Permalink
Branch: master
Find file Copy path
Fetching contributors…
Cannot retrieve contributors at this time
86 lines (71 sloc) 4.7 KB

Feature Extraction

Julius extracts features from waveform input. A feature extraction module is built to have compatibility with HTK. Supported base types are "FBANK" (log-scale filterbank parameter), "MELSPEC" (mel-scale filterbank parameter) and "MFCC" (mel-frequency cepstral coefficients). Supported qualifiers are _E, _N, _D, _A, _Z and _0.

Configurations

The feature extraction parameters should be set up as the same as training condition of acoustic model. The following table shows all the feature extraction parameters, with their default values and how to set. Note that HTK and Julius has different default values for some parameters, so you have to set carefully to match the feature extraction condition. Also note that the "parameter kind" (TARGETKIND in HTK) and the "number of cepstral parameters" (NUMCEPS in HTK) will be detected from the header information of acoustic HMM at run time, so unlike HTK, you need not to set them manually.

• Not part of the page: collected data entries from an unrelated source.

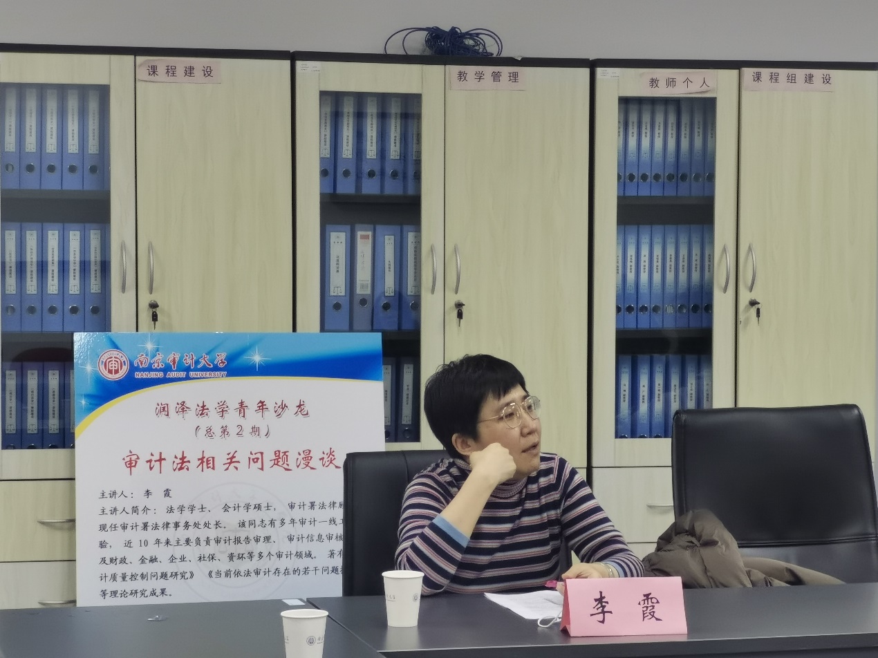 2020年12月28日晚,色情卡通 “润泽法学青年沙龙”第2期有幸邀请到审计署法规司法律事务处处长李霞与大家探讨审计法相关问题。沙龙在文济307举办,由色情卡通 副院长徐彰主持,政府审计学院杨柔坚老师,色情卡通 苏欣、沈玲、鲍红香、郑祺、陈苏豪老师,色情卡通 审计法学方向和宪法学与行政法学方向硕士研究生参加了本次沙龙。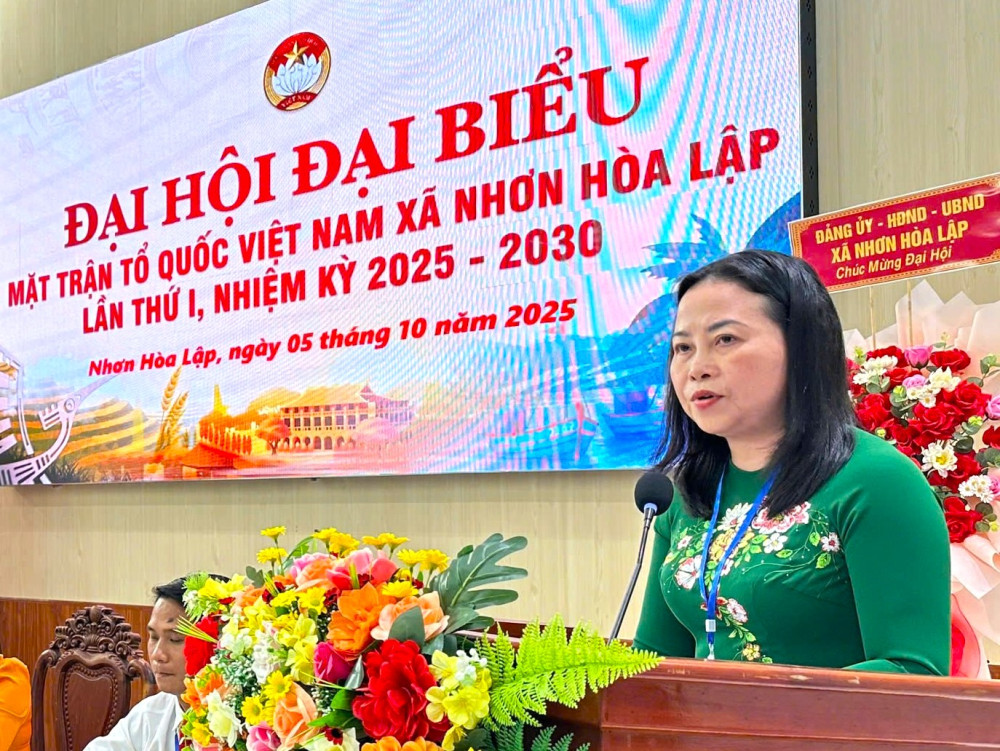 Ủy viên Ban Thường vụ Tỉnh ủy, Phó Chủ tịch Thường trực UBMTTQ Việt Nam tỉnh Nguyễn Thị Thu Trinh đề nghị MTTQ xã Nhơn Hòa Lập khóa mới tiếp tục đổi mới nội dung và phương thức hoạt động theo hướng sâu sát với dân, tập trung về cơ sở, thiết thực, hiệu quả, tránh hình thức; đa dạng hóa các hình thức vận động, tập hợp; tập trung triển khai có hiệu quả các cuộc vận động, phong trào thi đua do Mặt trận phát động, với phương châm “Hình thức tập trung, nội dung thiết thực; hành động quyết liệt, hiệu quả thực chất”.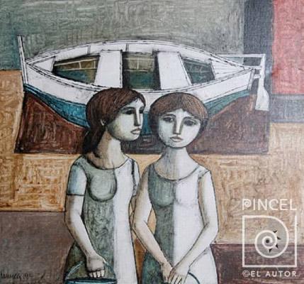 Autor Ranucci, Lucio Título Dos jovenes Técnica PinturaÓleo sobre canvas Año 1972 Medidas 71.1 x 76.2 cm Temática Composición con figura Palabras Clave Mujeres - Jóvenes - Seriedad - Espera - Pensativa - Cargar - Baldes - Bote - Barco - Embarcación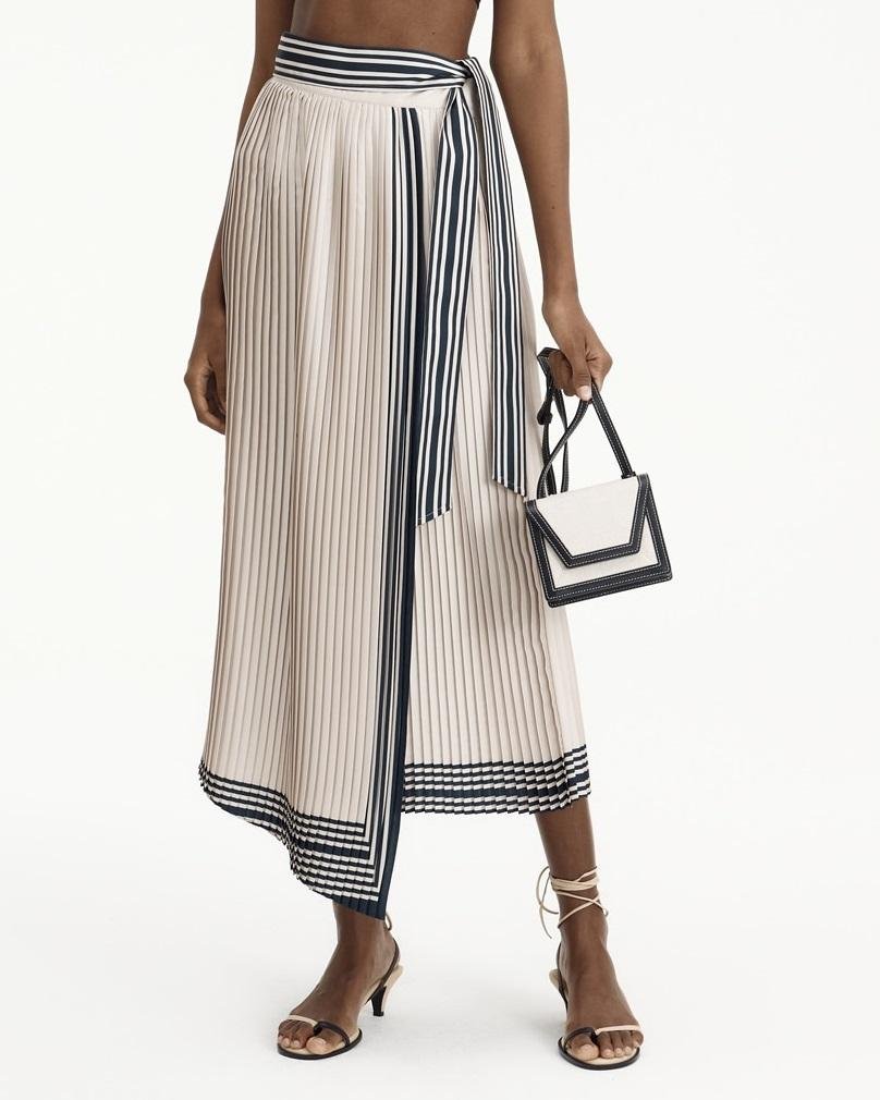 – High-waisted pleated skirt with navy stripe printing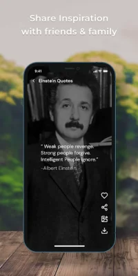 The app features a collection of Albert Einstein's famous quotes, including his renowned statements that have become iconic in the world of science and beyond. Users can also browse through a visual gallery of Einstein's quotes and have the option to like or dislike them. The app also allows for easy sharing and saving of quotes, making it simple for users to spread Einstein's wisdom with others.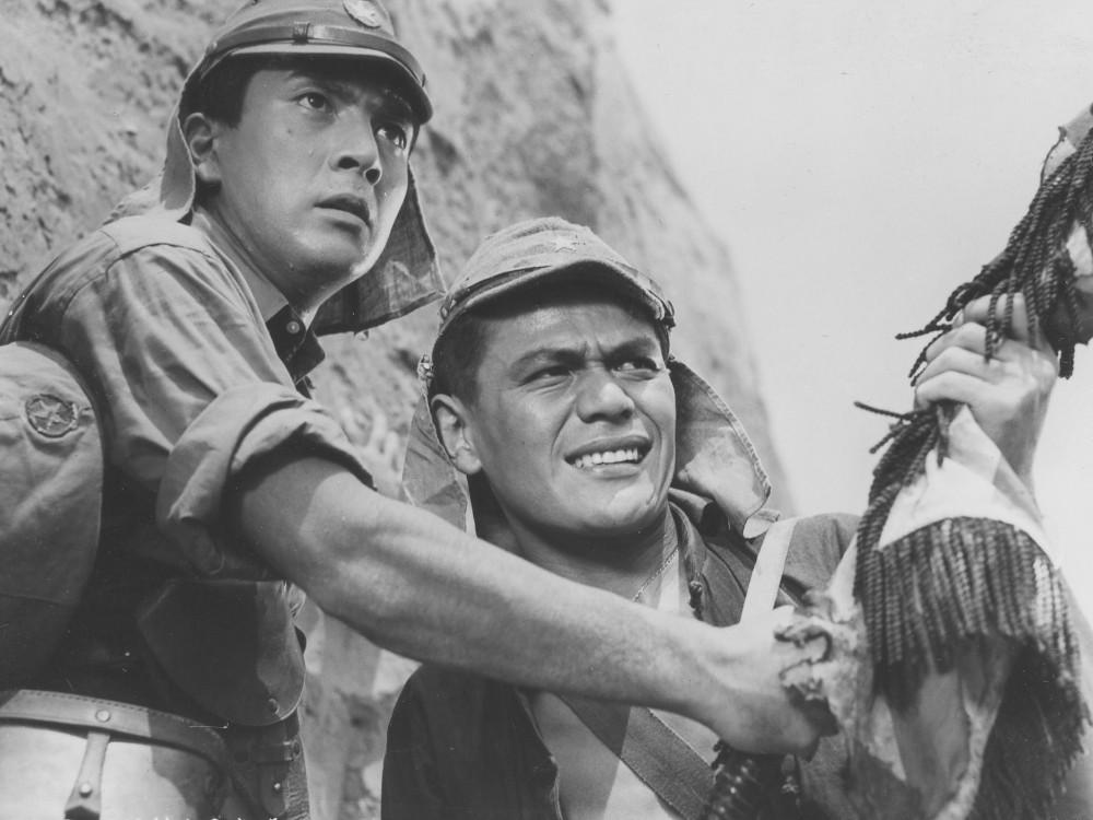 日中戦争における北支戦線の最前線を転戦してきた左文字隊は、消えた軍旗を捜索する任務を命じられる。佐藤は岡本喜八作品の大半を占める32本でコンビを組んだが、その中でも代表的な作品。「独立愚連隊マーチ」の軽快なメロディが反戦映画の諧謔とユーモアを際立たせている。

HTK Option Description HTK default Julius default Option
TARGETKIND Parameter kind ANON MFCC - (auto-set from HMM header)
NUMCEPS Number of cepstral parameters 12 - - (auto-set from HMM header)
SOURCERATE Sample rate of source waveform in 100ns units 0.0 625 "-smpPeriod value"
TARGETRATE Sample rate of target vector (= window shift) in 100ns units 0.0 160 "-fshift samples" (*)
WINDOWSIZE Analysis window size in 100ns units 256000.0 400 "-fsize samples" (*)
ZMEANSOURCE Zero mean source waveform before analysis (frame-wise) F F "-zmeanframe" to enable, "-nozmeanframe" to disable.
PREEMCOEF Set pre-emphasis coefficient 0.97 0.97 "-preemph value"
USEHAMMING Use a Hamming window T T - (Fixed)
NUMCHANS Number of filerbank channels 20 24 "-fbank value"
CEPLIFTER Cepstral liftering coefficient 22 22 "-ceplif value"
DELTAWINDOW Delta window size in frame 2 2 "-delwin value"
ACCWINDOW Acceleration window size in frame 2 2 "-accwin value"
LOFREQ Low frequency cut-off in fbank analysis -1.0 -1.0 "-lofreq value", or -1 to disable
HIFREQ High frequency cut-off in fbank analysis -1.0 -1.0 "-hifreq value", or -1 to disable
RAWENERGY Use raw energy T F "-rawe" / "-norawe"
ENORMALISE Normalise log energy T F "-enormal" / "-noenormal" (**)
ESCALE Scale log energy 0.1 1.0 "-escale value"
SILFLOOR Energy silence floor in Dbs 50.0 50.0 "-silfloor value"

(*) samples = HTK value (in 100ns units) / smpPeriod (**) Normalise log energy should not be specified on live input, at both training and recognition (see sec. 5.9 "Direct Audio Input/Output" in HTKBook).

Reading HTK Config file

Instead of using options directly, Julius can read in a HTK format config file by option -htkconf. When specified, the parameters in the given HTK conig file will be translated to corresponding values while reading within Julius. At the translation, values not explicitly specified in the HTK config file will be assumed to be the HTK's default value.

Parameter embedding

Struggling to set the exact feature parameters for an acoustic model? Since feature extraction parameters are purely subject to acoustic model, it is natural that an acoustic model should have full information for the feature types and parameters it requires. Thus the tool mkbinhmm, that converts HTK definition file in ascii format to binary HMM, can embed feature extraction parameters into the header of the output binary HMM file.

Specify feature parameters to mkbinhmm just as the same way as Julius, using direct options or HTK Config file as described above,and it will embed the determined parameters at the header of the output binary HMM. When using the binary HMM file in Julius, the parameter settings in the header of the file will be read into Julius.

When Value Conflicts

There may be some case when both HTK Config file and other direct options specifies different values, or embedded values in the given HMM has different values from the specified ones? The rule is that "explicit value supercedes implicit values". Precisely, the parameter priority to solve the conflict is as follows:

  1. Direct option values
  2. HTK Config values given by -htkconf
  3. Embedded values inside binary HMM

The values of direct options always supercedes others, and HTK Config value supercedes the embedded values. Note that this rule will be applied regardless of the option order. This behavior is not common to other Julius parameters in which the latter option always supercedes former.